GOAL OF THE EXERCISE: Somewhere below, one line contains "Look at the" and a later line contains "尼龍束帶 顏色:黑、白 2.5mm/3.6mm/4.8mm". Output those two lines and everything between them exactly, and nothing else.

MATERIAL FOR THIS EXERCISE:

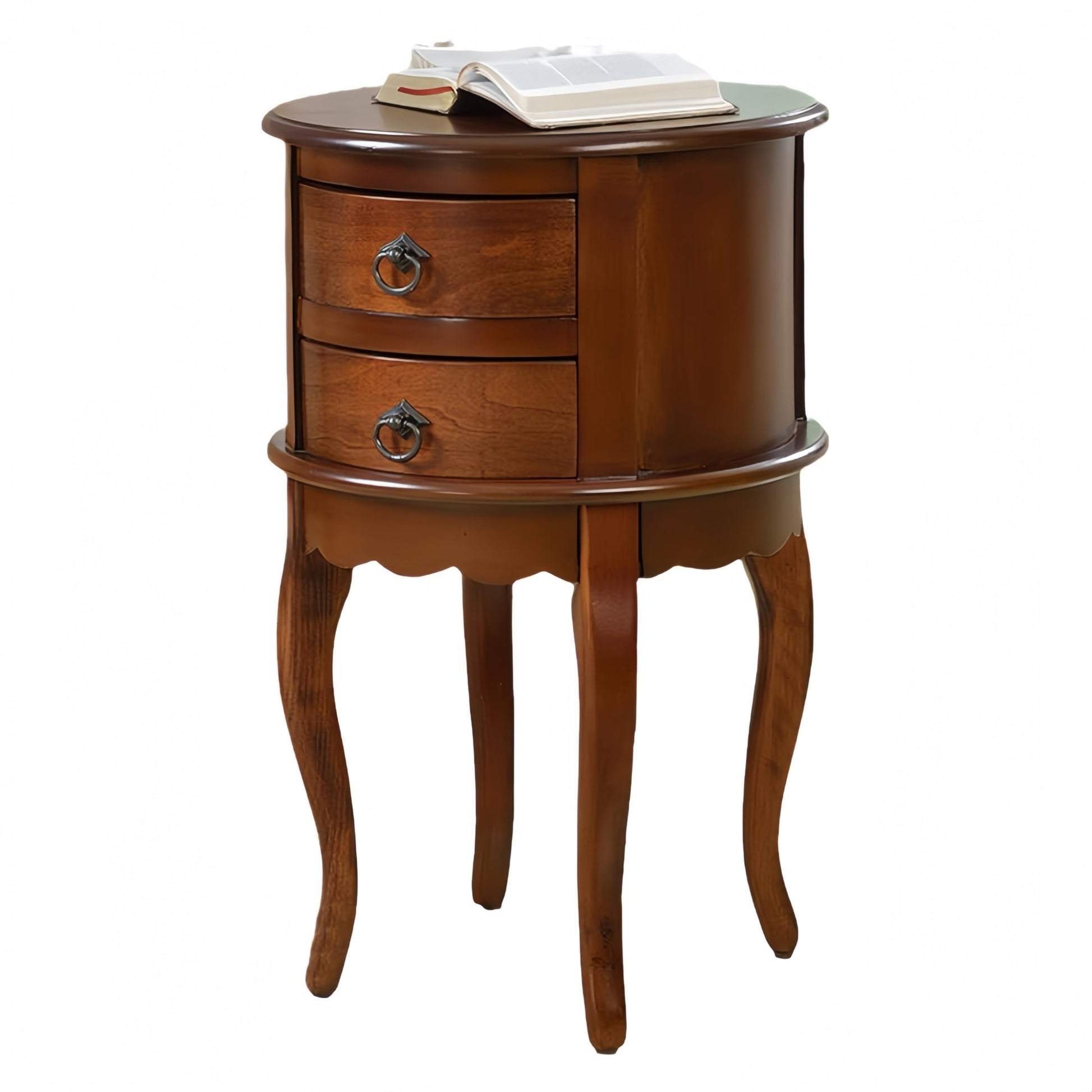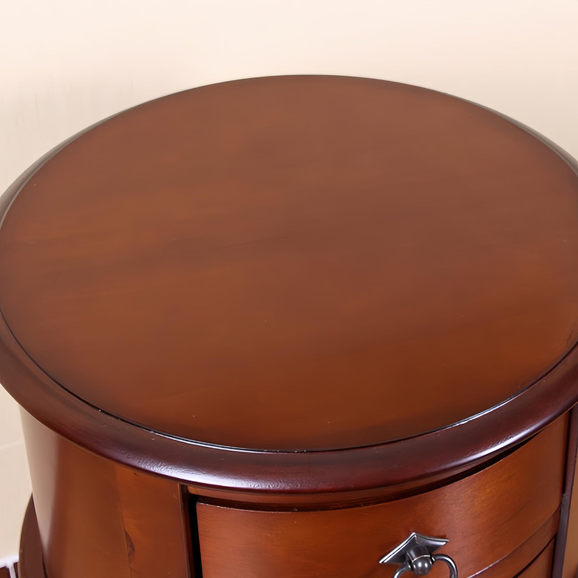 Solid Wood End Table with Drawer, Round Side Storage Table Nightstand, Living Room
* * *
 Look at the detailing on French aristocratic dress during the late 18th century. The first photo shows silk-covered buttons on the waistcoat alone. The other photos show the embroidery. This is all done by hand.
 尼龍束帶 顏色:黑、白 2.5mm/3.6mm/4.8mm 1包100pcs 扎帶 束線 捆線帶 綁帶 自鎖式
--
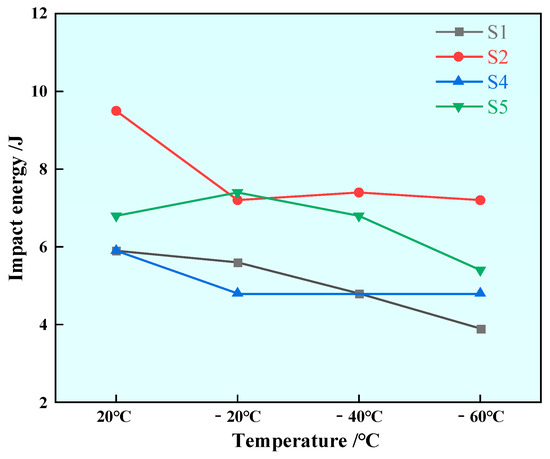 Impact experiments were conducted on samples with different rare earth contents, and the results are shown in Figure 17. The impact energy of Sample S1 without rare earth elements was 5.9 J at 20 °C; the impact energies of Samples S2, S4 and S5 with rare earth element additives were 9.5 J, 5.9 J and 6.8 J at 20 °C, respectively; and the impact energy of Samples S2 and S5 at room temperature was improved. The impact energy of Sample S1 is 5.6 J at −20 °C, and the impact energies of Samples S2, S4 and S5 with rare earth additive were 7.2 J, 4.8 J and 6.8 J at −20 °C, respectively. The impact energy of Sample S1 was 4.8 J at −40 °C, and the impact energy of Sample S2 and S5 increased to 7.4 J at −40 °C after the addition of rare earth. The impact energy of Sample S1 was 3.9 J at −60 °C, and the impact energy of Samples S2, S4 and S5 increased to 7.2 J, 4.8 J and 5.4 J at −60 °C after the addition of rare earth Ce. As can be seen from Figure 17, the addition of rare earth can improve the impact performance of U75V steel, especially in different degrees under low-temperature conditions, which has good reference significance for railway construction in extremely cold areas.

SOLVED PROBLEM:
 Look at the detailing on French aristocratic dress during the late 18th century. The first photo shows silk-covered buttons on the waistcoat alone. The other photos show the embroidery. This is all done by hand.
 尼龍束帶 顏色:黑、白 2.5mm/3.6mm/4.8mm 1包100pcs 扎帶 束線 捆線帶 綁帶 自鎖式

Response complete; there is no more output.